* [What you need to do] Reproduce the records below exactly, but leave their pictures out of the copy.

(Items from a dataset)
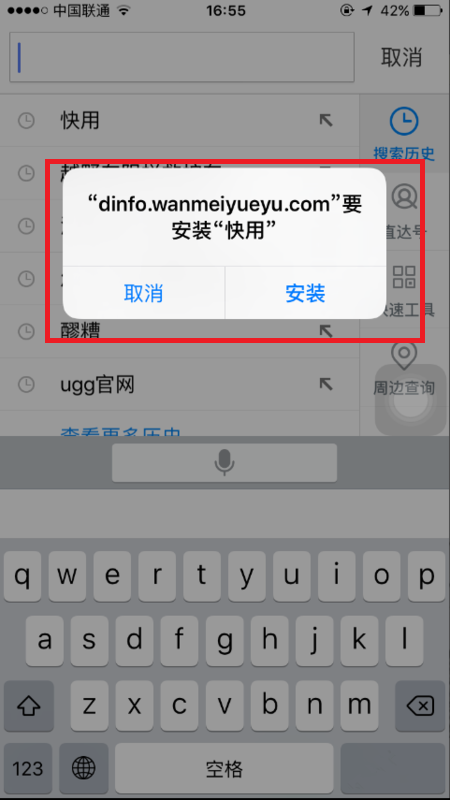 四、软件下载好完成之后,系统将会自动弹出一个提示栏目【XX要安装“快用”】,点击安装键即可。
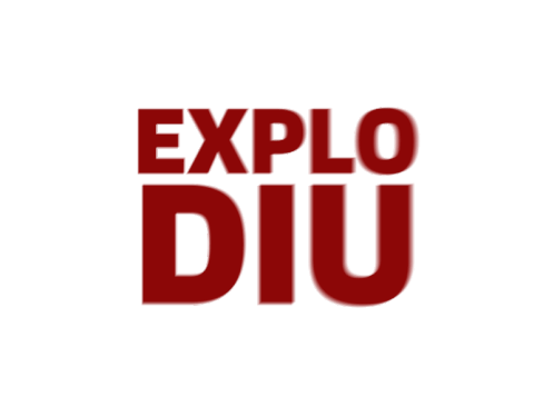 The red text 'EXPLO DIU' dramatically shatters and explodes into many small pieces, creating a dynamic visual effect.
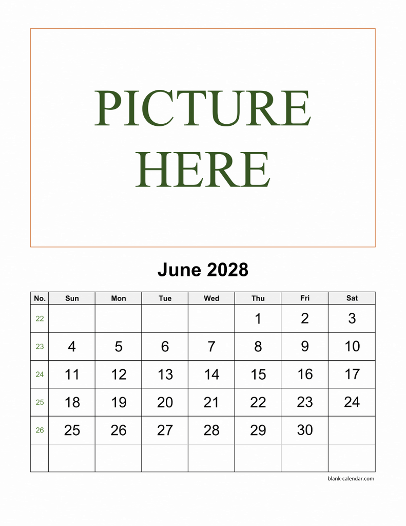 Free Download Printable June 2028 Calendar, pictures can be placed at the top (vertical)
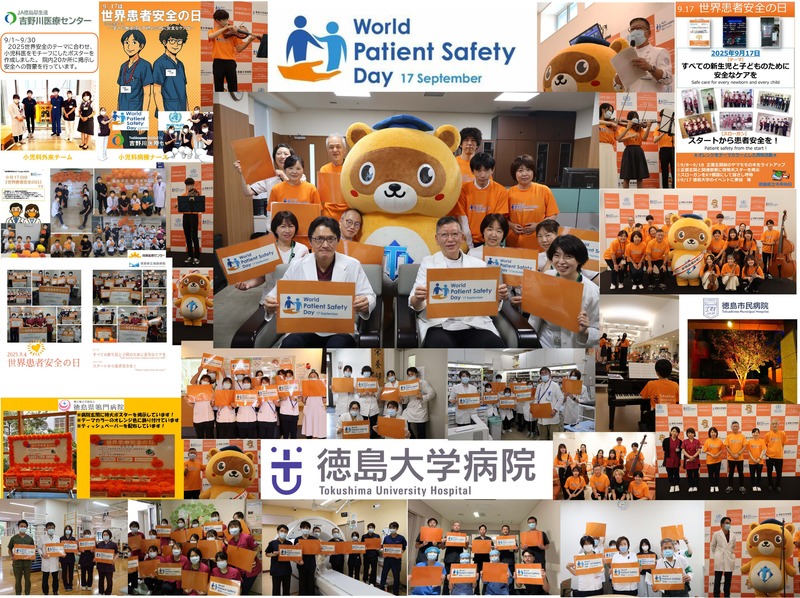 In conjunction with “World Patient Safety Day: Project 2025”on September 17 (Wed.), the Hospital collaborated with various entities in Tokushima Prefecture to raise public awareness by lighting up buildings (Tokushima University Hospital, Tokushima Prefectural Central Hospital, Japan Red Cross Tokushima Hospital, Tokushima Municipal Hospital, Tokushima Prefectural Nursing Association, Washi-no-mon of Tokushima Castle, and the Tokushima Prefectural Office) and by posting posters and distributing pamphlets.
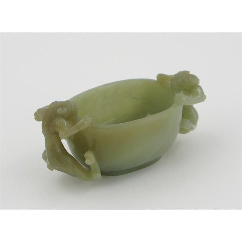 A Chinese yellow jade oval cup, 18th century. With two dragon handles, each with their heads looking over the rim, 9.5cm.
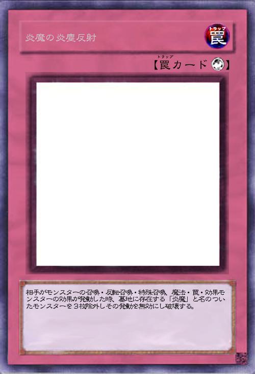 | 相手がモンスターの召喚・反転召喚・特殊召喚、魔法・罠・効果モンスターの効果が発動した時、墓地に存在する「炎魔」と名のついたモンスターを3枚除外しその発動を無効にし破壊する。 | |||
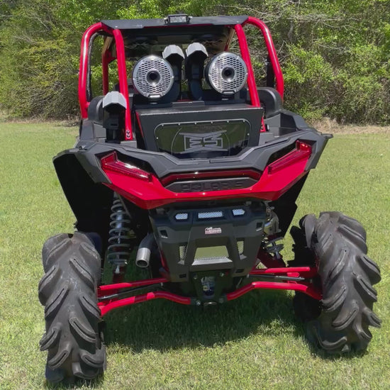 Upgrade your off-roading experience with the RZR 1000 reg cab audio roof. Equipped with powerful 6-8" m2 speakers, pm-2 radio, and an amp, this roof delivers high-quality audio. The RGB controller and lightbars add a customizable touch to your ride, making it a must-have for any adventure seeker.
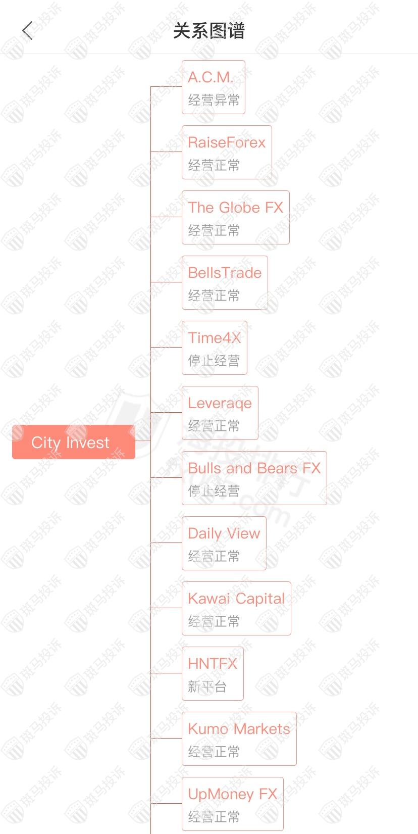 主白标关系显示City Invest平台和25家平台是一家公司,从他们的服务器地址,网站的模板来看,都可以看出来相似的地方。其中A.C.M经营异常;Time4X、Bulls and Bears FX停止经营。
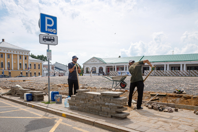 Пространство вокруг Торговых рядов продолжает меняться. Мейчас ремонтники занимаются мощением деревянной смотровой площадки и устройством натурального покрытия каменный ковёр, сообщила Алиса Михайловна.
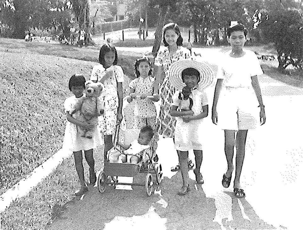 The author in the pram being pushed by Ah Sun (third from left), 1954.
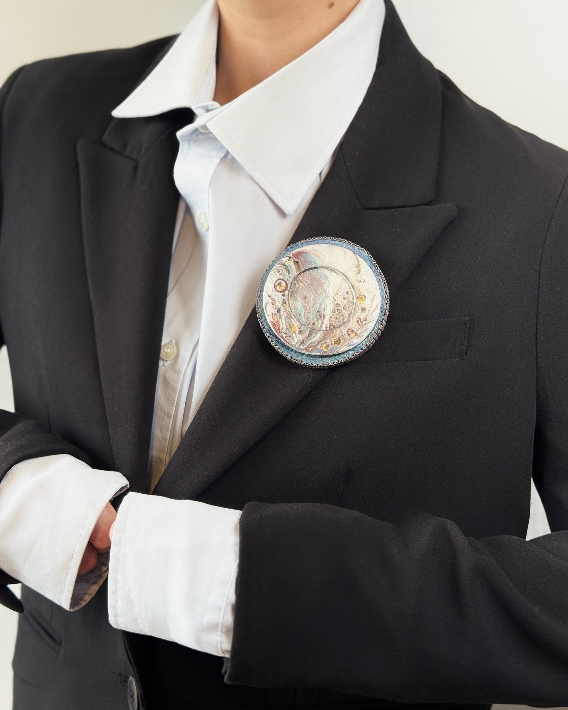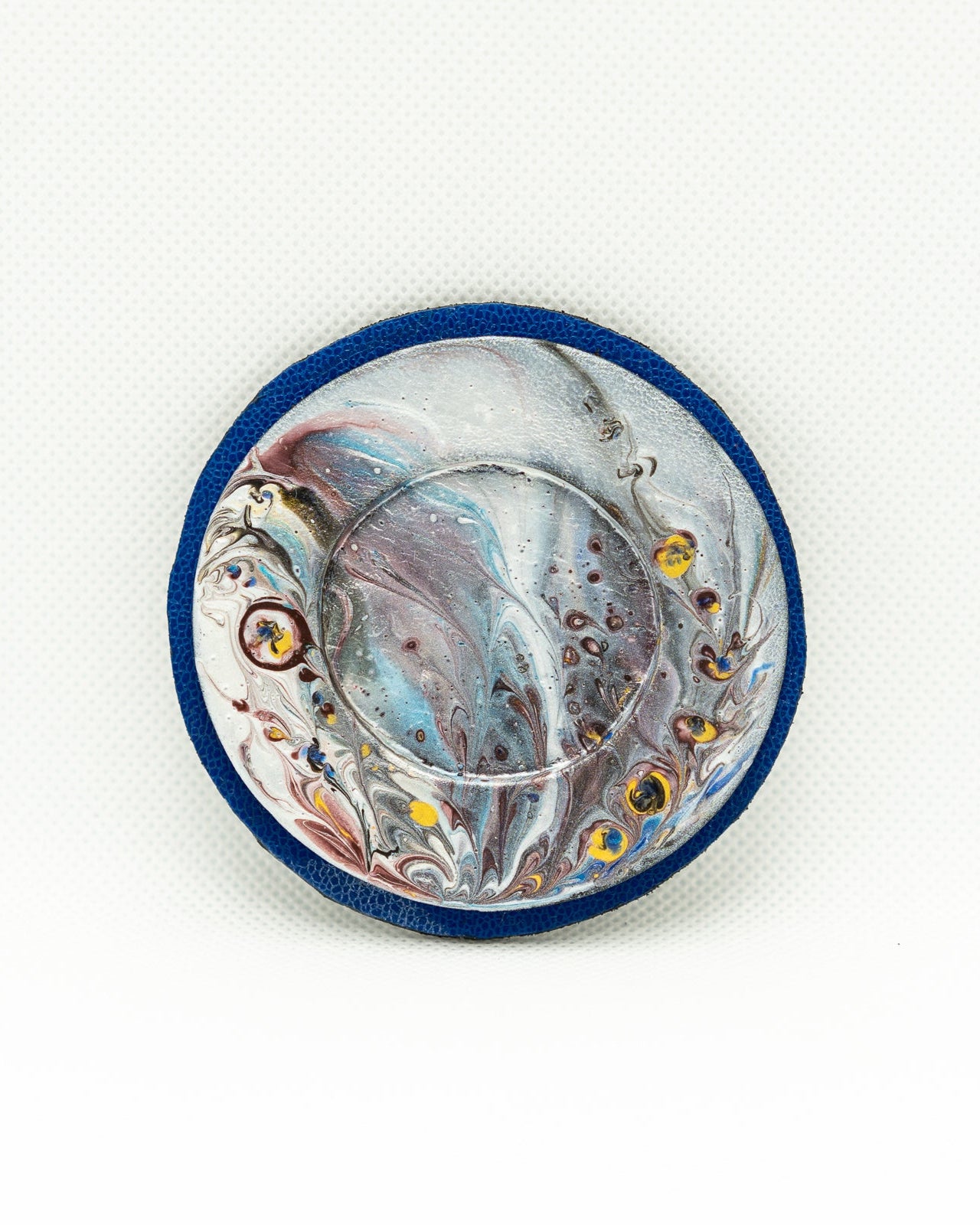 This vibrant round SHYDI brooch features a fluid, marbled design in swirling hues of silver, plum, and blue, accented with playful yellow drops. Framed in a bold cobalt blue edge, it brings a modern, artistic twist to any ensemble. A striking accessory for lovers of abstract expression.

* [Problem solution]
 四、软件下载好完成之后,系统将会自动弹出一个提示栏目【XX要安装“快用”】,点击安装键即可。
 The red text 'EXPLO DIU' dramatically shatters and explodes into many small pieces, creating a dynamic visual effect.
 Free Download Printable June 2028 Calendar, pictures can be placed at the top (vertical)
 In conjunction with “World Patient Safety Day: Project 2025”on September 17 (Wed.), the Hospital collaborated with various entities in Tokushima Prefecture to raise public awareness by lighting up buildings (Tokushima University Hospital, Tokushima Prefectural Central Hospital, Japan Red Cross Tokushima Hospital, Tokushima Municipal Hospital, Tokushima Prefectural Nursing Association, Washi-no-mon of Tokushima Castle, and the Tokushima Prefectural Office) and by posting posters and distributing pamphlets.
 A Chinese yellow jade oval cup, 18th century. With two dragon handles, each with their heads looking over the rim, 9.5cm.
 | 相手がモンスターの召喚・反転召喚・特殊召喚、魔法・罠・効果モンスターの効果が発動した時、墓地に存在する「炎魔」と名のついたモンスターを3枚除外しその発動を無効にし破壊する。 | |||
 Upgrade your off-roading experience with the RZR 1000 reg cab audio roof. Equipped with powerful 6-8" m2 speakers, pm-2 radio, and an amp, this roof delivers high-quality audio. The RGB controller and lightbars add a customizable touch to your ride, making it a must-have for any adventure seeker.
 主白标关系显示City Invest平台和25家平台是一家公司,从他们的服务器地址,网站的模板来看,都可以看出来相似的地方。其中A.C.M经营异常;Time4X、Bulls and Bears FX停止经营。
 Пространство вокруг Торговых рядов продолжает меняться. Мейчас ремонтники занимаются мощением деревянной смотровой площадки и устройством натурального покрытия каменный ковёр, сообщила Алиса Михайловна.
 The author in the pram being pushed by Ah Sun (third from left), 1954.
 This vibrant round SHYDI brooch features a fluid, marbled design in swirling hues of silver, plum, and blue, accented with playful yellow drops. Framed in a bold cobalt blue edge, it brings a modern, artistic twist to any ensemble. A striking accessory for lovers of abstract expression.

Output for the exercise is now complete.